◆ Data ◆
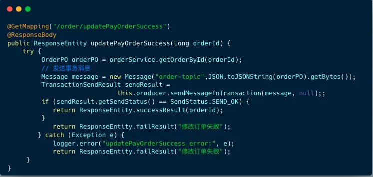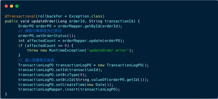 需要注意的是: orderService.updateOrder 方法添加了事務註解,並將修改訂單狀態和插入事務日誌表放進一個事務內,避免訂單狀態和事務日誌表的數據不一致。
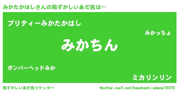 | ヘコむあだ名 | 『みかたかはし(小並感)』『みかにゅー』 |
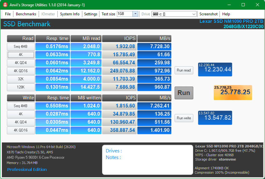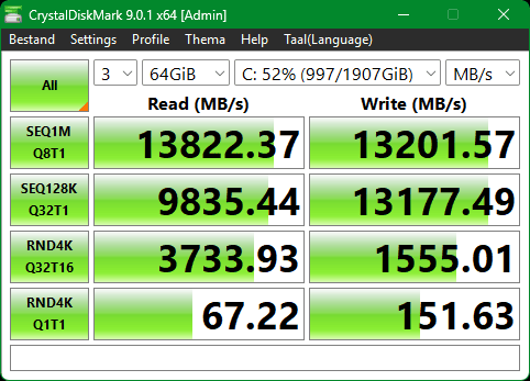 De Lexar NM1090 Pro presteert goed. Waar de schrijfsnelheden vermeld worden met een max van 13.000 MB/s, valt bij CrystalDiskMark te zien dat hij er zelfs boven presteert. Met 13.200 MB/s aan schrijven zit dit dus ruim boven de specificaties, hierdoor is dit natuurlijk altijd fijn meegenomen. Ook in dagelijks gebruik merk ik consistente snelheden die mij soms nog doen verbazen.
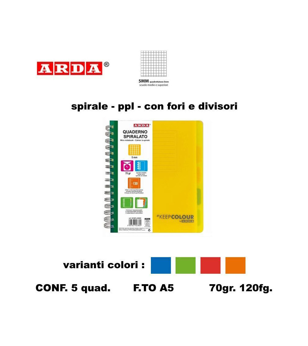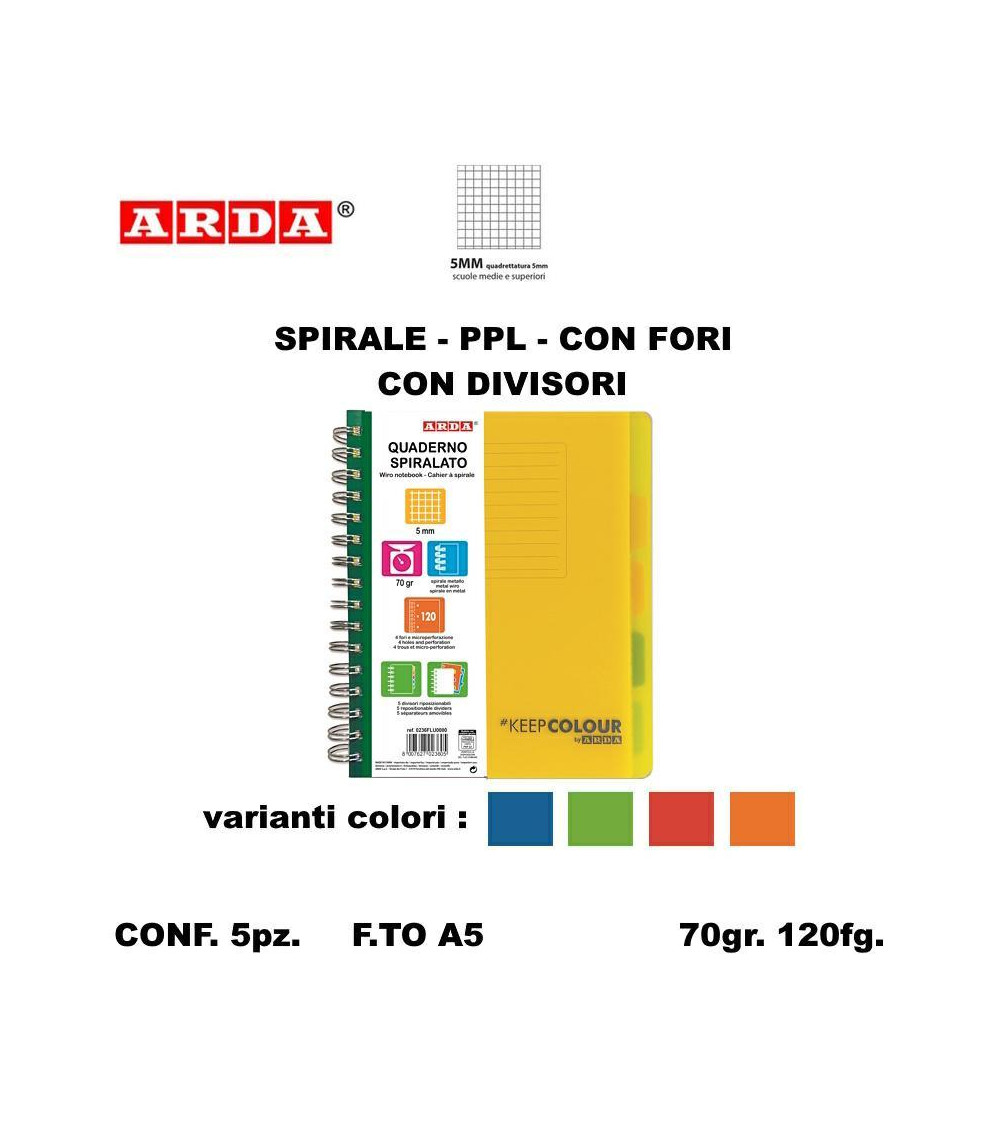 ARDA QUADERNO SPIRALE PPL FORI + DIVISORI 120fg. 5MM [5PZ]
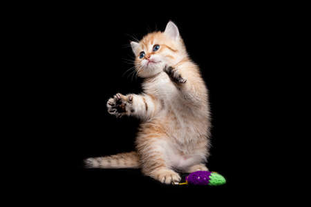 Kitten playing standing on its hind legs, red playful kitten funny standing on its hind legs next to the toy on a black isolated background, cute Golden British kitten.
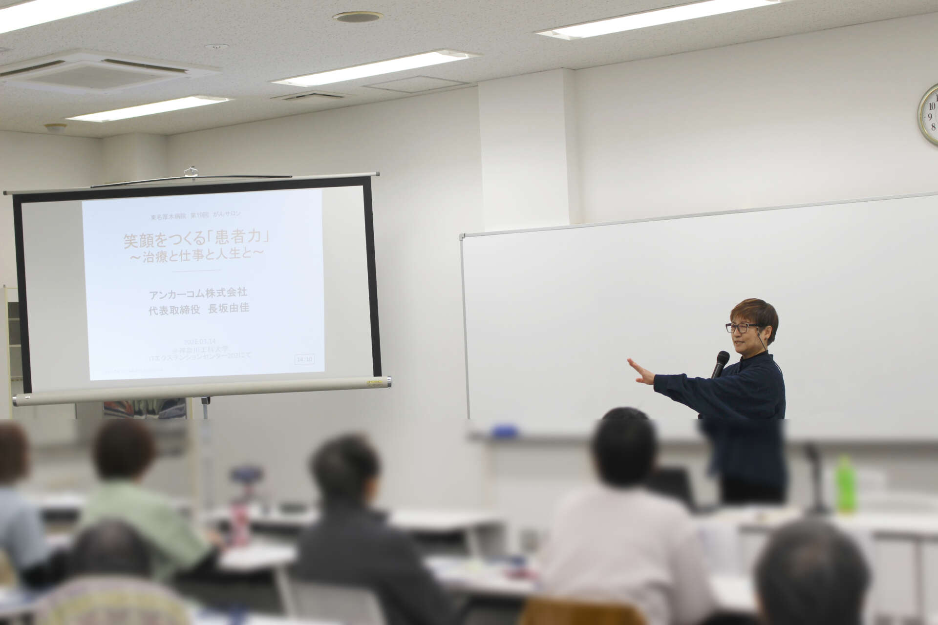2026年3月14日、神奈川工科大学ITエクステンションセンターにて、がん経験者の長坂さんを講師にお迎えし、講演会を開催しました。
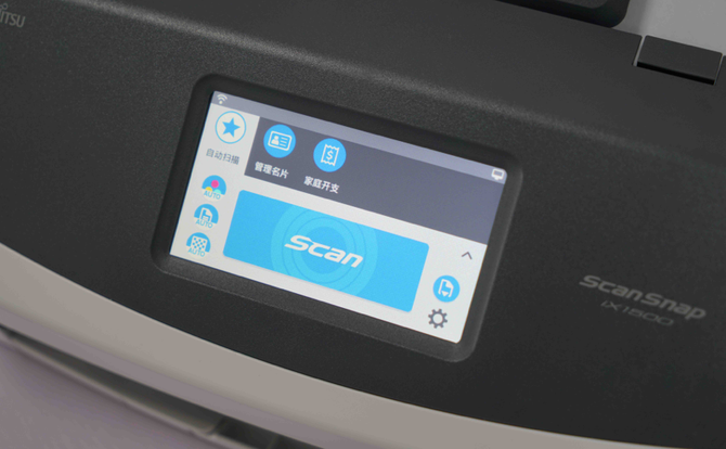 这台富士通ScanSnap iX1500的交互和操作功能全靠这块4.3英寸TFT触摸大屏来完成,使用上也没什么过高的门槛,基本都可以顺畅自如的进行使用,方法也极其简便。
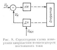 Измерительные устройства с ручным уравновешиванием можно рассматривать как имеющие структурную схему компенсационного преобразования с полной компенсацией. Например, для компенсатора постоянного тока с ручным урав-новешиванием может быть дана структурная схема, показанная на рис. 9, где ДН - делитель напряжения, на котором получается известное падение напряжения U K для компенсации (уравновешивания) неизвестного напряжения U x. Разница U x — U K = D U преобразуется нуль-индикатором НИ в отклонение указателя, которое наблюдается оператором. При отклонении указателя НИ оператор с помощью делителя напряжения изменяет UK до состояния компенсации (U к = U х) и по известному значению U K определяется значение U x. Оператор с делителем напряжения в этом случае выполняет функции интегрирующего звена. Как следует из вышесказанного, нестабильность чувствительности нуль-индикатора в некоторых пределах не вызывает появления погрешности, однако порог чувствительности нуль-индикатора приведет к погрешности.
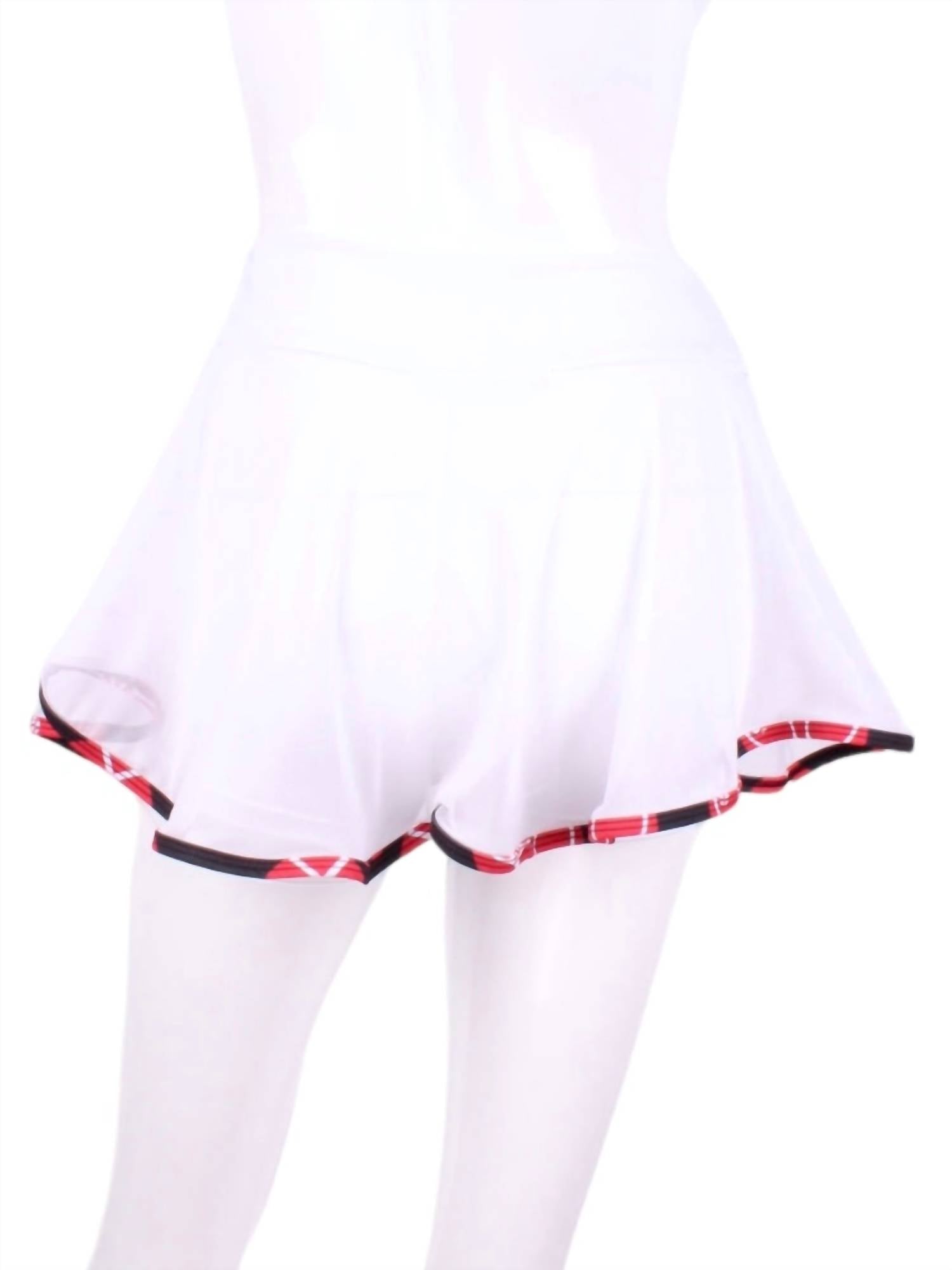 Show just the right amount of leg in this fit flattering mini. Discover the Women's Love "O" Skirt by Love Love Tennis, a fashionable athleisure piece in patterned white mesh perfect for game day. This mini skirt features an innovative design with shorties underneath, ensuring both style and comfort. Handmade in downtown Los Angeles, it offers a nearly naked feel with UV protection and quick-drying fabric for active summer wear. Enjoy the ease of a pull-on closure, though care instructions are not specified.
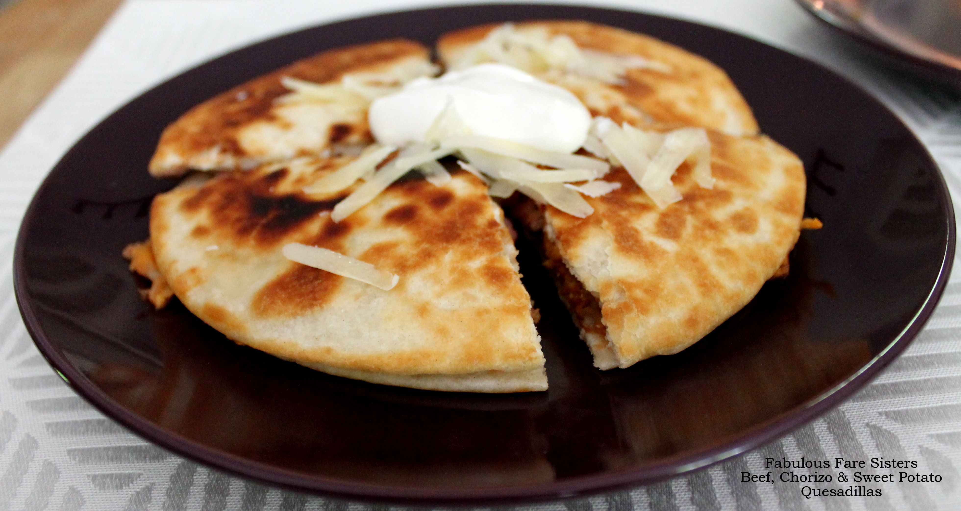 This is one of those wonderful lunches that came together from leftovers…Man, I love it when that happens! These crispy tortillas are filled with hearty beef, tasty chorizo, sweet potato, refried pinto beans and cheddar cheese. Served nice and warm!
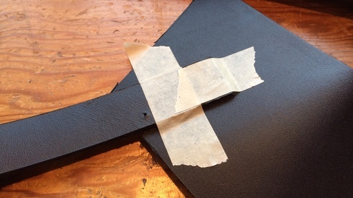 I arranged the strap in a way that would hold the sheath firmly, and taped the back end in place with some masking tape. I removed the clamps holding the sheath together, and flattened it to make it easier to sew.

◆ Exercise ◆
Keep the pictures out of the copy and write out the data exactly as it stands.

◆ Exercise result ◆
 需要注意的是: orderService.updateOrder 方法添加了事務註解,並將修改訂單狀態和插入事務日誌表放進一個事務內,避免訂單狀態和事務日誌表的數據不一致。
 | ヘコむあだ名 | 『みかたかはし(小並感)』『みかにゅー』 |
 De Lexar NM1090 Pro presteert goed. Waar de schrijfsnelheden vermeld worden met een max van 13.000 MB/s, valt bij CrystalDiskMark te zien dat hij er zelfs boven presteert. Met 13.200 MB/s aan schrijven zit dit dus ruim boven de specificaties, hierdoor is dit natuurlijk altijd fijn meegenomen. Ook in dagelijks gebruik merk ik consistente snelheden die mij soms nog doen verbazen.
 ARDA QUADERNO SPIRALE PPL FORI + DIVISORI 120fg. 5MM [5PZ]
 Kitten playing standing on its hind legs, red playful kitten funny standing on its hind legs next to the toy on a black isolated background, cute Golden British kitten.
2026年3月14日、神奈川工科大学ITエクステンションセンターにて、がん経験者の長坂さんを講師にお迎えし、講演会を開催しました。
 这台富士通ScanSnap iX1500的交互和操作功能全靠这块4.3英寸TFT触摸大屏来完成,使用上也没什么过高的门槛,基本都可以顺畅自如的进行使用,方法也极其简便。
 Измерительные устройства с ручным уравновешиванием можно рассматривать как имеющие структурную схему компенсационного преобразования с полной компенсацией. Например, для компенсатора постоянного тока с ручным урав-новешиванием может быть дана структурная схема, показанная на рис. 9, где ДН - делитель напряжения, на котором получается известное падение напряжения U K для компенсации (уравновешивания) неизвестного напряжения U x. Разница U x — U K = D U преобразуется нуль-индикатором НИ в отклонение указателя, которое наблюдается оператором. При отклонении указателя НИ оператор с помощью делителя напряжения изменяет UK до состояния компенсации (U к = U х) и по известному значению U K определяется значение U x. Оператор с делителем напряжения в этом случае выполняет функции интегрирующего звена. Как следует из вышесказанного, нестабильность чувствительности нуль-индикатора в некоторых пределах не вызывает появления погрешности, однако порог чувствительности нуль-индикатора приведет к погрешности.
 Show just the right amount of leg in this fit flattering mini. Discover the Women's Love "O" Skirt by Love Love Tennis, a fashionable athleisure piece in patterned white mesh perfect for game day. This mini skirt features an innovative design with shorties underneath, ensuring both style and comfort. Handmade in downtown Los Angeles, it offers a nearly naked feel with UV protection and quick-drying fabric for active summer wear. Enjoy the ease of a pull-on closure, though care instructions are not specified.
 This is one of those wonderful lunches that came together from leftovers…Man, I love it when that happens! These crispy tortillas are filled with hearty beef, tasty chorizo, sweet potato, refried pinto beans and cheddar cheese. Served nice and warm!
 I arranged the strap in a way that would hold the sheath firmly, and taped the back end in place with some masking tape. I removed the clamps holding the sheath together, and flattened it to make it easier to sew.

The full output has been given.